Chris is the technical brain in the family. He likes to tinker with things, especially cars, and especially Volkswagens. He’s also taken to gardening since moving to Haiti and has a very active banana garden and has grown the first ever fruit producing Dragon Fruit plant in Haiti. It’s nice when hobbies can provide deliciousness.
After so many years in the country Chris has lots of stories to tell and a very different perspective than me. He’s finally started writing some of that down on the blog.
Being a missionary was the last thing on the “to do” list. As in never. gonna. happen. Even after graduating from Prairie Bible College missions work just wasn’t on the radar. While working as a Student Ministries pastor at Vernon Alliance Church I came to Haiti with a group of my students to work with Clean Water for Haiti for a couple of weeks.
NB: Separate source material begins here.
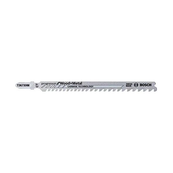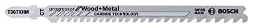 Η λεπίδα σέγας T 367 XHM Bosch Progressor για ξύλο και μέταλλο είναι ιδιαίτερα στιβαρή για γρήγορες ευθείες κοπές σε λεπτό και χοντρό ξύλο, ακόμη και με μέταλλο. Η γεωμετρία των δοντιών με προοδευτικά αυξανόμενη οδόντωση επιτρέπει τη χρήση με υλικά διαφόρων πυκνοτήτων. Τα γειωμένα δόντια έχουν σχεδιαστεί για να κόβουν γρήγορα μια μεγάλη ποικιλία υλικών ξύλου και μετάλλου. Το πλαίσιο είναι συγκολλημένο σε ένα εξαιρετικά εύκαμπτο σώμα από ανθρακούχο χάλυβα χρησιμοποιώντας τεχνολογία καρβιδίου που κόβει τα πιο ανθεκτικά ξύλινα υλικά με ενσωματωμένα ισχυρά μεταλλικά μέρη (π.χ. σκληρυμένα καρφιά, βίδες). Η μεγάλη προοδευτική διαδρομή (3,5 - 5 mm) και το μήκος (132 mm) επιτρέπουν την κοπή διαφόρων υλικών πάχους έως 65 mm.

God had other plans for me and after two years of trying to figure out what those were I moved to Haiti (Oct. 2005) “long term” which I would have said was 3-4 years. I didn’t ever think I would be a “lifer”. Chris and I got married in July of 2006 and now here we are. We’ve been described as “anything but normal” and we like that. Missionary, wife, mom. It could be worse.
I love to cook so having guests around out table is part of my ministry. I discovered I like to build things with wood too. I’ve become a knitter too, which is a nice relaxing break from life here, but not the most practical hobby considering it’s above 80 degrees here most days.
I started writing the blog in my first year, mostly as a way to write down some of the things I was experiencing. I didn’t even tell people about it for the first several months. Now we have a regular stalker base that like to let me know how long it’s been since our last post. You know who you are. I’m the main blogger in the family.
Olivia is our “ti syklon” as they say in Creole. We brought her home and into our family in February 2008. She was 15 days old and 5 lbs, 4 oz. She has non-stop energy. Just watching her will wear a person out. She’s also very charming and hasn’t met a person yet that she hasn’t been able to wrap around her little finger.
She’s a great kid and we often find ourselves wondering how we got so lucky. Our adoption finalized in September of 2010. Olivia is now in grade one, losing teeth and doing math and reading things. I have NO idea where the past few years have gone!
Alex joined our family in July of 2011. He’s a big boy and will probably pass his sister in height and weight in the next year. He learned how to climb before he learned how to walk, and now likes to put those skills to use extensively. You know, things like climbing on the car, climbing on the motorcycles, climbing on…
He’s a funny little man who has already figured out how to bat his eyelashes and use the same expressions that Daddy does to make Mommy laugh. He’s also inherited a certain amount of stubbornness that we like to call determination. We haven’t decided which one of us he gets that from. Having an older sister means he has to be okay with things like necklaces and princess crowns. He can rock both at the same time as driving a Hot Wheels car. He loves trying to do everything that us big people do, and succeeds most days. He already speaks three languages – English, Creole, and gibberish.